* [Given data]
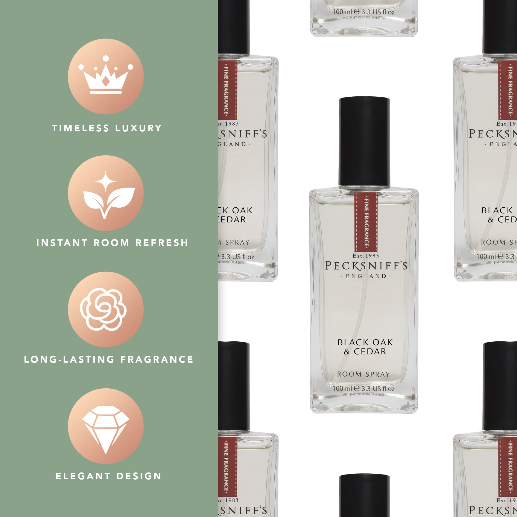 Pecksniffs Black Oak & Cedar Classic Room Spray | 100ml/3.38 Fl Oz
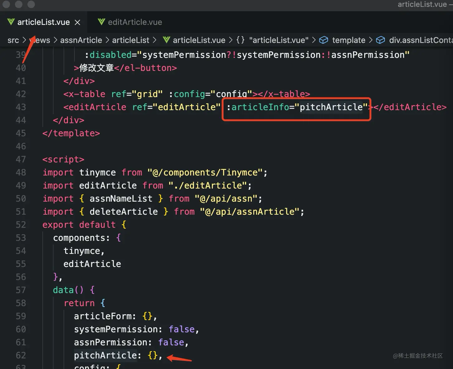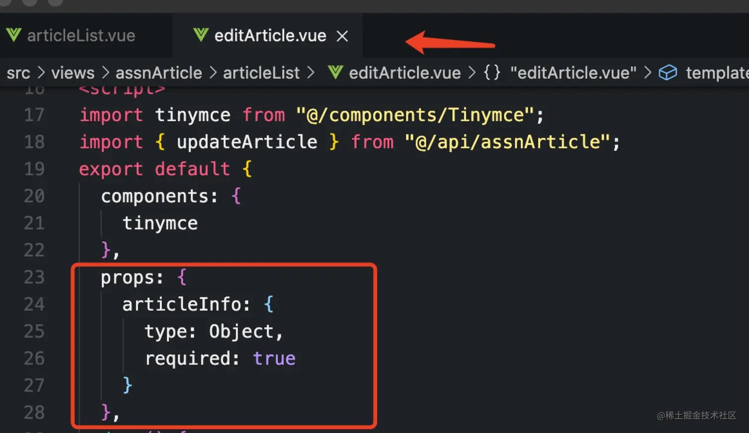 articleList 是我们的父组件,而 editArticle 是我们的子组件。我们在 articleList 父组件中使用了 editArticle 组件的实例,并且传递了 articleInfo 这个参数。然后我们在editArticle 组件中 props 处进行了接收。
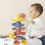 Kinderen zullen de kleurrijke elementen geweldig vinden: kralendoolhof, draaiende tandwielen, knikkertoren en vormensorteerder. Elke activiteit is ontworpen om motorische ontwikkeling, geduld en het begrip van oorzaak en gevolg te ondersteunen.

* [What the exercise asks] Restate word for word each line from the top of the listing down to and including the line that holds "articleList 是我们的父组件,而 editArticle". Drop any pictures.

* [Response below]
 Pecksniffs Black Oak & Cedar Classic Room Spray | 100ml/3.38 Fl Oz
 articleList 是我们的父组件,而 editArticle 是我们的子组件。我们在 articleList 父组件中使用了 editArticle 组件的实例,并且传递了 articleInfo 这个参数。然后我们在editArticle 组件中 props 处进行了接收。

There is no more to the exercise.